A cord is wrapped around a pulley that is shaped like a disk of mass $m$ and radius $r$. The cord's free end is connected to a block of mass $M$. The block starts from rest and then slides down an incline that makes an angle $\theta$ with the horizontal as shown in figure.

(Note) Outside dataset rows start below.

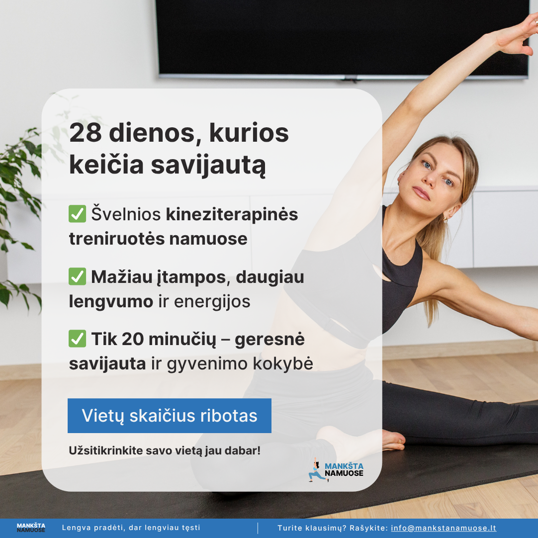 | ❌ Nieko nekeisti | ✅ Išbandyti 28 dienų kineziterapiją namuose |
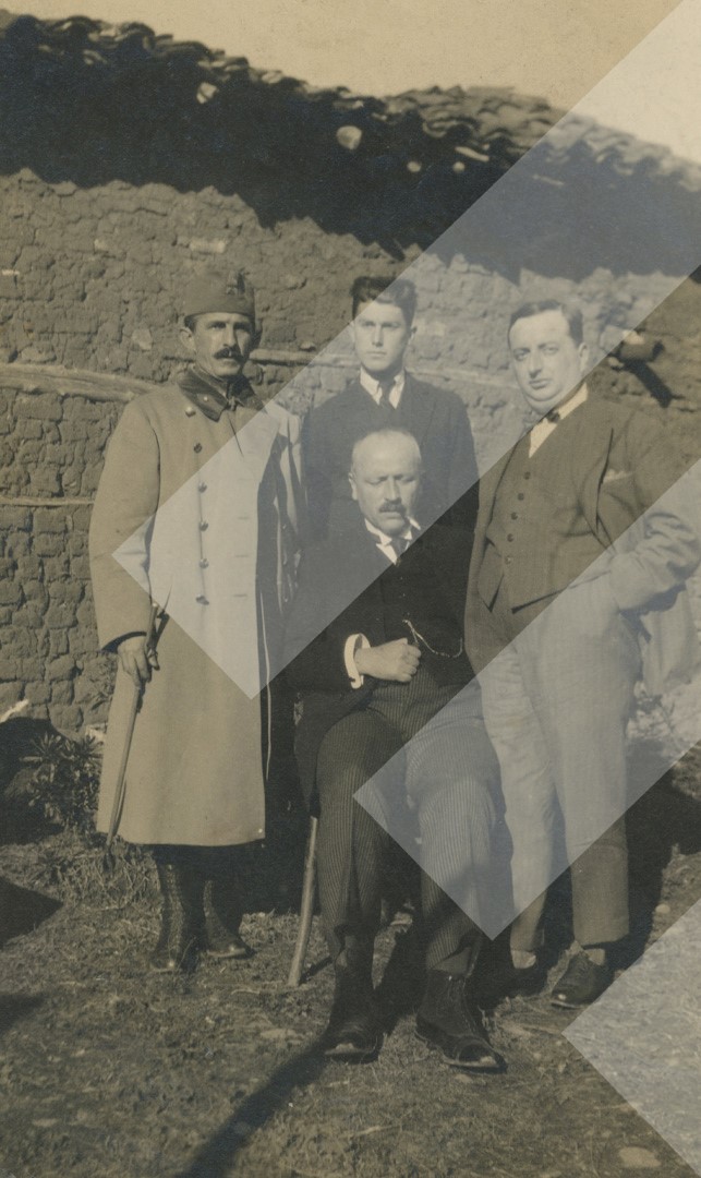 I panjohur rreth 1922 Zyrtarë të institucionit të pronave shtetërore përpara Hanit të Çakallit print në letër, 7 x 11 cm.
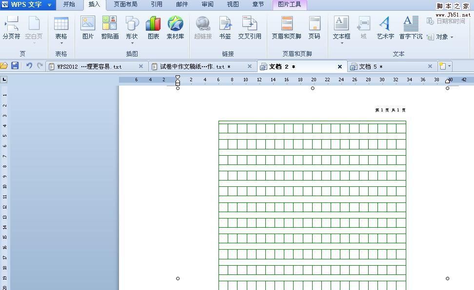 文字中一般插入的稿纸默认的都以整页的插入的,那我们如何在文档中某一位置插入特定的“一块”稿纸呢?首先是打开
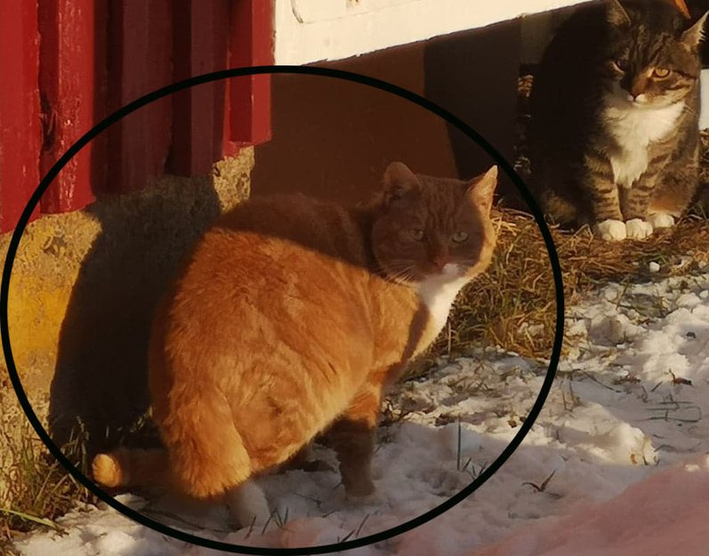 Det er en rød/oransje hannkatt, mest sannsynlig ukastrert. Den har vært i slåsskamp med en av mine katter og plaget andre nabokatter også. Jeg har likevel valgt å gi den mat ute i låven, da den mest sannsynlig ikke har noe hjem. Jeg har vært i kontakt med Dyrebeskyttelsen, som dessverre ikke har kapasitet til å hjelpe.

The coefficient of kinetic friction between block and incline is $\mu$ . Then the magnitude of the acceleration of the block is

• A. $\frac{2Mg(\sin \theta -\mu \cos \theta )}{2M+m}$
• B. $\frac{2Mg(\sin \theta +\mu \cos \theta )}{2M+m}$
• C. $\frac{2Mg(\sin \theta -\mu \cos \theta )}{2M-m}$
• D. $\frac{Mg(\sin \theta -\mu \cos \theta )}{2M+m}$

Answer 1

The correct option is A $\frac{2Mg(\sin \theta -\mu \cos \theta )}{2M+m}$


From the FBD of block of mass $M$,
$Mgsin\theta -T-\mu Mgcos\theta =Ma$ ......(1)
From the FBD of pulley,
Torque, $T^{\prime }=T\times r=I\times \alpha$
$T\times r=\frac{m{r}^2}{2}\alpha$
$\because a=\alpha \times r$
$\therefore T=\frac{ma}{2}$ ........(2)

Putting value of $T$ in equation (1),
we get, $Mgsin\theta -\frac{ma}{2}-\mu Mgcos\theta =Ma\Rightarrow a=\frac{2Mg(\sin \theta -\mu \cos \theta )}{2M+m}$